O crime julgado é o único verdadeiramente não aceito no Parlamento. Basta ver que as bancadas todas se uniram para expelir o corpo estranho – até pouco tempo atrás tão querido por tantos! – que se mostrou uma decepção.

A aversão do Congresso a esse erro é tamanha que mesmo numa Casa com 150 investigados ele foi julgado de maneira sumária. Uma votação fragorosa, para não deixar dúvidas – verdadeira punição exemplar. Avalie: 18 réus da Lava Jato fizeram questão de comparecer simplesmente para votar pela cassação do ex-presidente.

A bancada dos indignados inclui Paulo Maluf. Sem poder deixar o país, procurado pela Interpol, réu em três ações penais, Maluf chegou a ser preso. Responde por crimes contra o sistema financeiro nacional e está condenado na França a três anos de prisão por lavagem de dinheiro. Mas contra o crime de Cunha ele foi firme. Não pode aceitá-lo: votou pela cassação.

Alberto Fraga, do Distrito Federal, com ainda mais processos do que Maluf, também se indignou. Coronel na PM, Fraga é acusado de concussão, peculato, falsidade ideológica e de crimes contra o sistema nacional de armas. Mas não pode aceitar o erro de Cunha. Esse tipo de coisa, na cartilha de Fraga, não se faz – há limites para tudo.

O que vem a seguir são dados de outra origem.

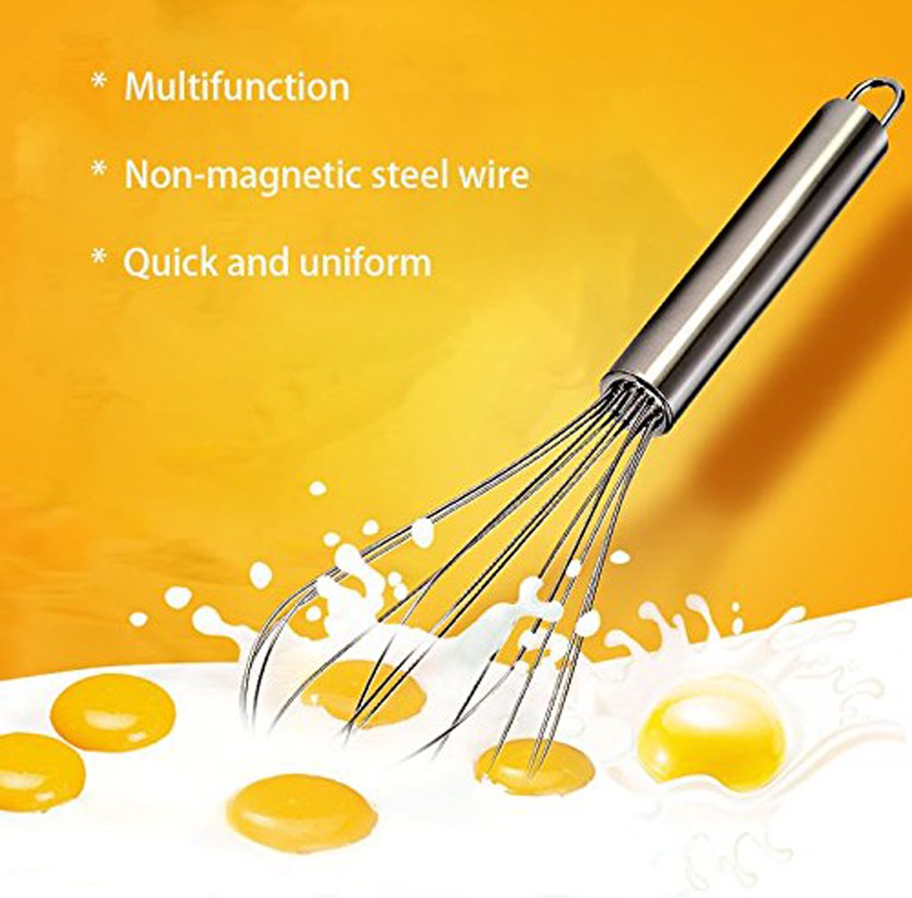 Der klassische Eierschläger - aber richtig gut! Aus robustem Edelstahl mit ergonomischem PP-Griff. 26cm lang, liegt perfekt in der Hand. Das Doppelkopf-Design schlägt Eier, Eiweiß und Teig super schnell und gründlich. Kein Strom nötig - einfach Handarbeit! Perfekt für fluffige Omeletts, Schlagsahne oder Kuchenteig. Leicht zu reinigen und super langlebig. Ob für die heimische Küche, Restaurant oder Café - dieser Schläger ist ein echter Allrounder. Kompakt und leicht - passt in jede Schublade. Hol dir dieses zeitlose Küchenwerkzeug und genieße perfekte Ergebnisse beim Backen und Kochen. Einfach, effektiv, unverwüstlich!
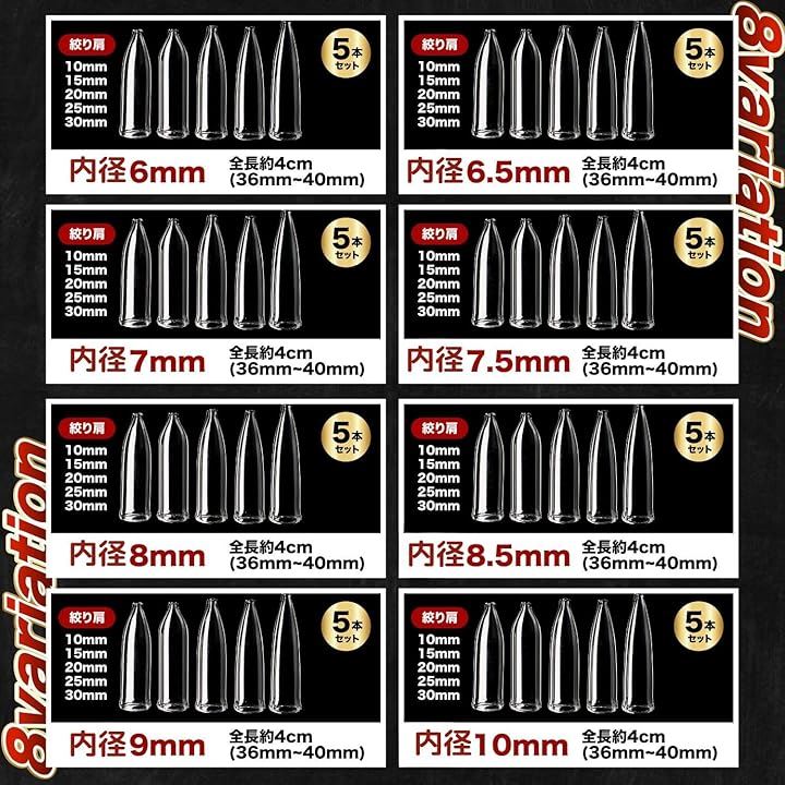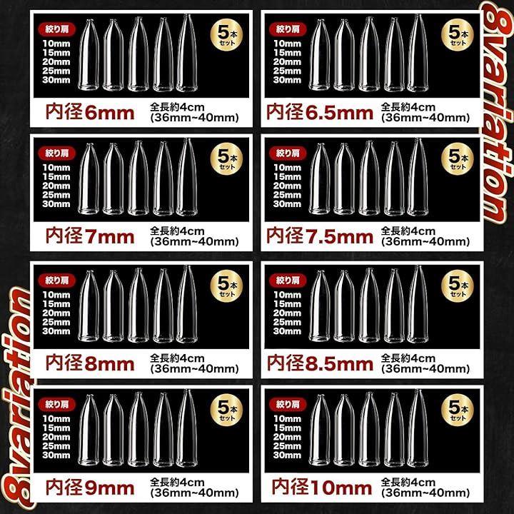 ヘラウキ 成形器 ガラス管 耐熱ガラス ヘラブナ 釣り 5サイズセット 絞り寸法10mm 15mm 20mm 25mm

Mas afinal, qual foi esse crime tão imperdoável?

Num papelzinho que correu pelo plenário e que será arquivado nos anais da Câmara, afirma-se que foi o de mentir para seus pares durante uma CPI. Quebra de decoro. Uma formalidade.

Como se sabia que essa versão, por ingênua, não colaria, criou-se a versão em off: Cunha, como Dilma, caiu pelo “conjunto da obra”.

Sabe como é: dinheiro na Suíça, acusações de propina... o pacote todo. Fosse isso, e pelo menos uma centena de deputados teria de deixar suas vagas ainda hoje. O que aconteceu foi outra coisa.

O crime de Cunha é algo tão grave que, segundo alguns, é pecado mortal. Hitchcock, especializado em retratar o mundo do crime, chamava-o de décimo primeiro mandamento: “Não serás pego”. Outros parlamentares foram pegos, investigados e até denunciados. Mas jamais da forma escandalosamente inaceitável como ocorreu com Cunha.

Em Brasília, todo mundo sabe: é preciso uma certa discrição. Não basta apagar rastros. É preciso não criar inimigos poderosos o suficiente que queiram devassar sua vida e que queiram destruí-lo publicamente. E, principalmente, é preciso não deixar que sua reputação se torne ruim a ponto de poder contaminar a de todos os seus pares.

Todos os demais erros poderiam ser perdoados. Mas colocar os outros deputados na situação de ter que provar que não são corruptos é algo que não se faz. Se Cunha não fosse expulso, seria possível que alguém pensasse que todas aquelas outras denúncias de corrupção contra os outros deputados são verdadeiras.

Mas agora tudo voltou à calma de sempre. Cunha caiu. E os 150 investigados da Câmara podem olhar tranquilos para a população e dizer que a corrupção, enfim, está sendo vencida.